I Hate Many Things About BACK TO THE FUTURE. It's Still a Great Movie.
It just goes to show that if you get some things *really* right, you can screw up a lot of the rest.
Here is a partial list of the things that annoy me about the 1985 movie Back to the Future:
It opens with that cheap, lazy sight gag about a massive amp blowing Michael J. Fox across the room.
Michael J. Fox’s family doesn’t look anything like his family, or any real biological family, would look.
When Marty goes back in time, most of the major characters are played by actors who aren’t even remotely convincing as teenagers.
The movie tries way too hard to make Marty “cool” — with the skateboard, the guitar-playing, and the beautiful girlfriend. But Michael J. Fox is much better playing slightly desperate — the dork character, or at least someone dork-adjacent.
Crispin Glover’s performance is terrible, always completely out of sync with the other actors and incredibly distracting.
The lightning bolt strikes the clock at exactly 10:04 PM. Why not 10:04 and eighteen seconds? Because then Doc Brown’s plan would fail.
I’m also not crazy about the parts where the movie reveals that black people didn’t actually invent rock music or that a main character creepily watching a woman undress just makes him a lovable goof. But hey, times change.
Anyway, I could go on, but I think you get my point.
But ultimately, none of this matters. Back to the Future is still very obviously one of the greatest movies of all time.
The movie’s central concept is not just clever; it’s also somehow both extremely simple and thematically very rich.
A teenager goes back in time thirty years to when his parents were his age, only to accidentally disrupt their falling in love. Now he has to do two things: get his parents to somehow fall in love anyway so he and his future family members won’t cease to exist, and also get himself back to the future.

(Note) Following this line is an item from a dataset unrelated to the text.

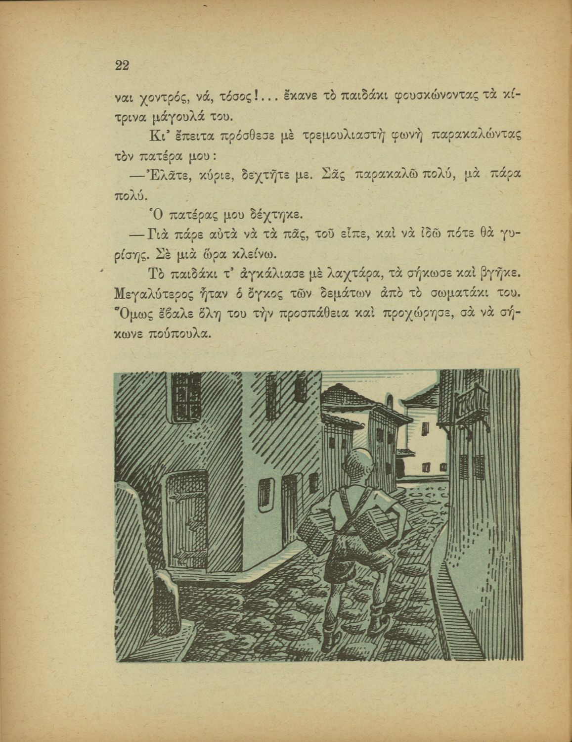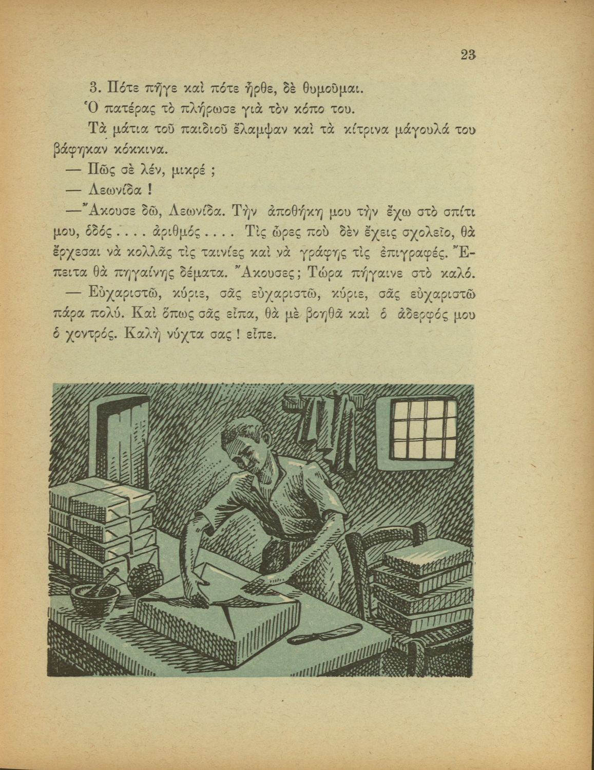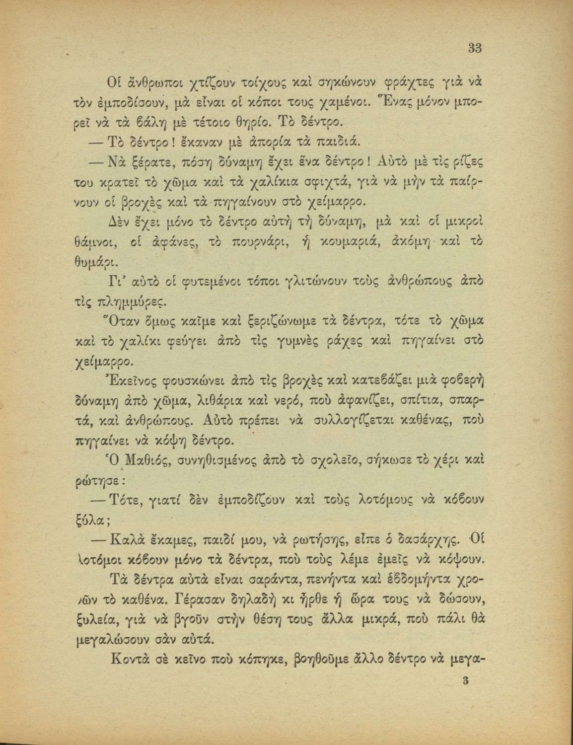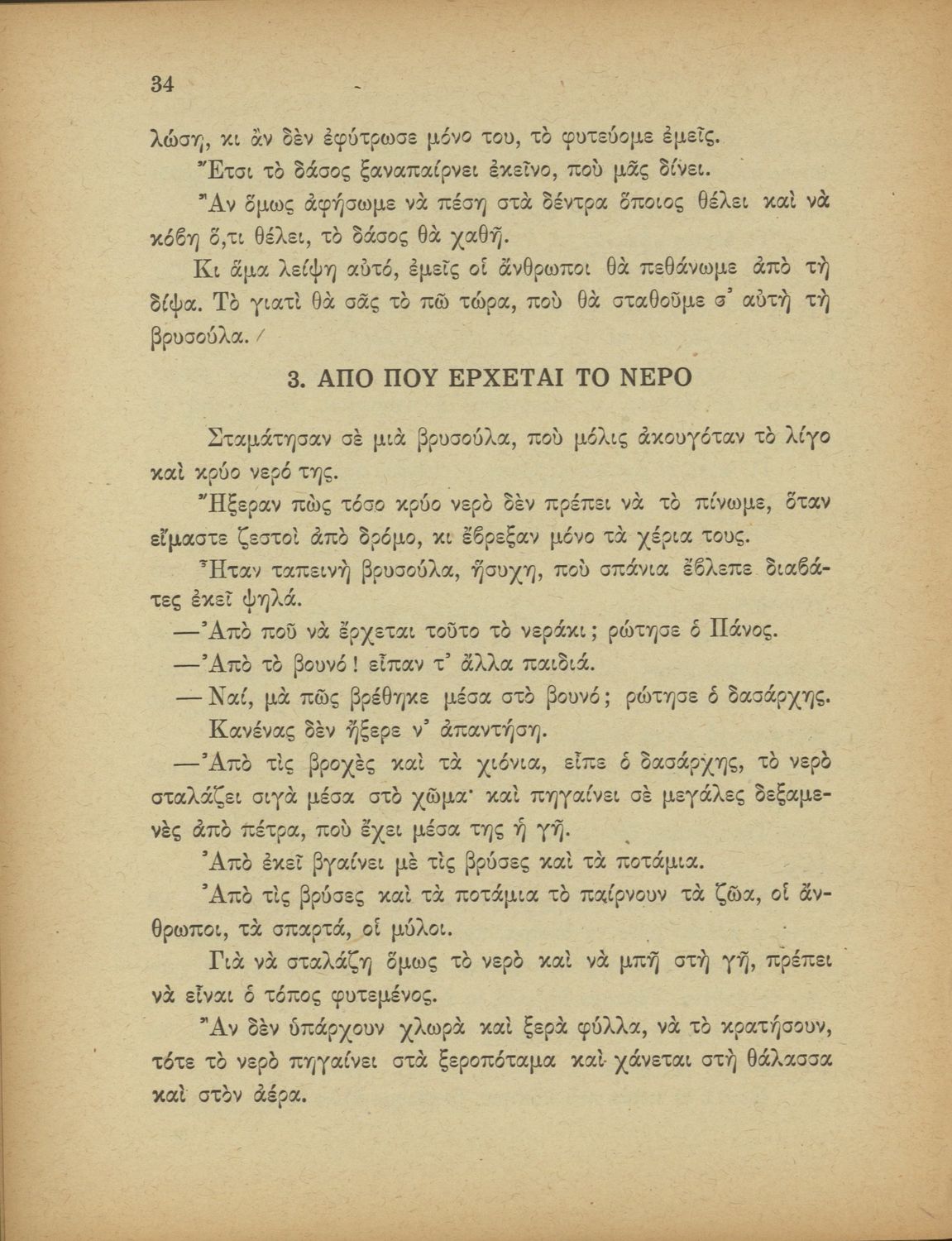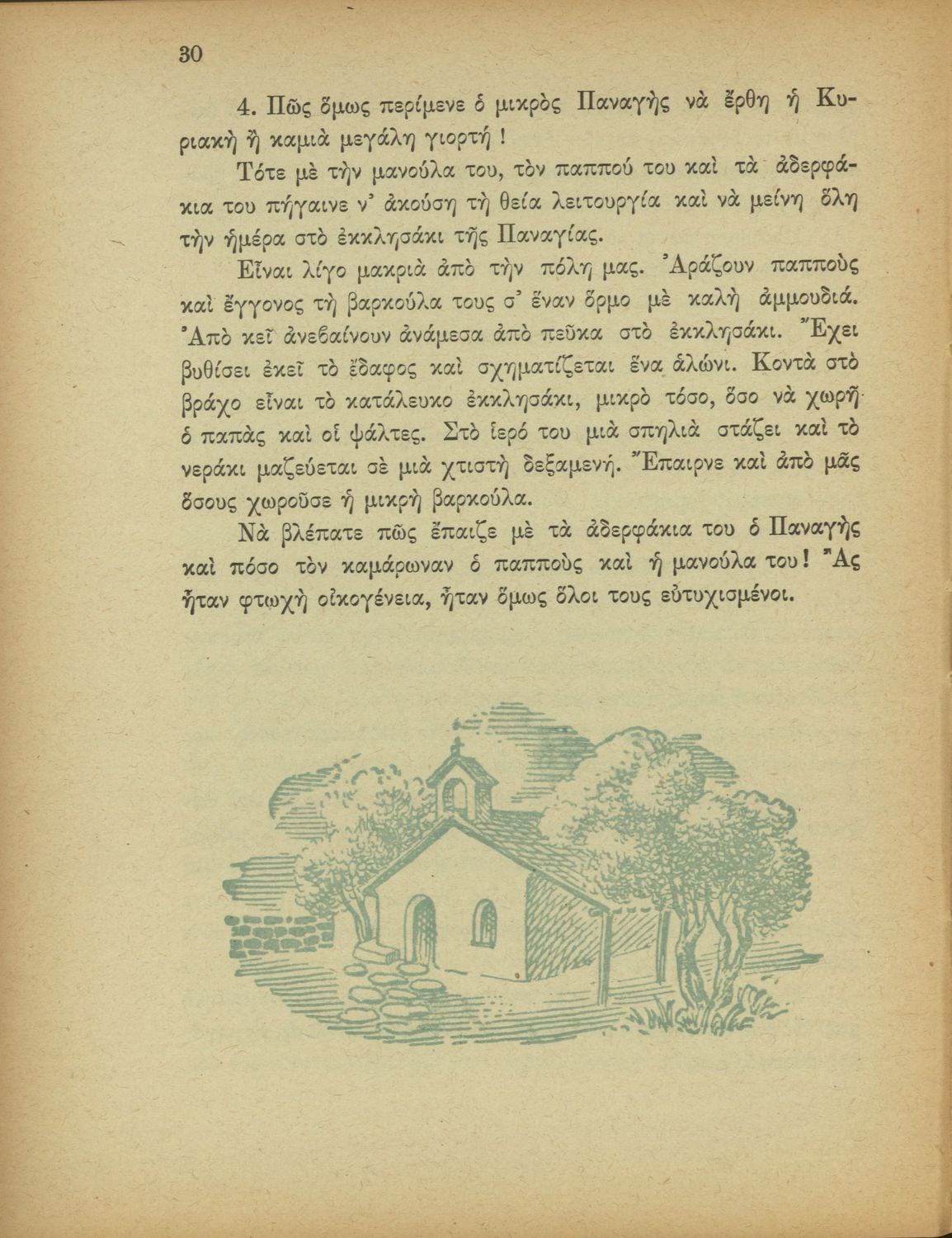 Αναγνωστικό Δ΄ Δημοτικού που περιέχει πεζά και ποιήματα με περιεχόμενο διδακτικό και ηθικοπλαστικό εμπνευσμένα από την ελληνική ιστορία και μυθολογία, και την αγροτική και κοινωνική ζωή.

And while Back to the Future occasionally contains lazy writing, it also includes some genuinely fantastic material.
Many jokes are inspired, like when someone in the 50s sees Marty’s puffy down jacket and asks why he’s wearing a life preserver. And how Lorraine thinks Marty’s name is “Calvin Klein” because that’s what is prominently written on the waistband of his modern-day underwear.
This latter joke is doubly funny because it causes Marty to realize his own mother was sneaking a peek at his underwear — that she’s hot for him.
Then there’s that fantastic sequence at the Enchantment Under the Sea dance, where Marty goes on a screamin’ guitar solo that would be perfectly normal in 1985…
…only look up and see the utterly baffled 1955 crowd.
This is hilarious because, well, it’s hilarious, but also because it feels like exactly what would happen in this (bonkers) situation. It captures, yes, a profound truth.
There’s a lot of emotional truth in Back to the Future: how Marty’s mother portrays her own teen years compared to how they actually were. How Marty’s father acted when he was younger set him on a trajectory for his whole life — but that maybe that trajectory can be reversed.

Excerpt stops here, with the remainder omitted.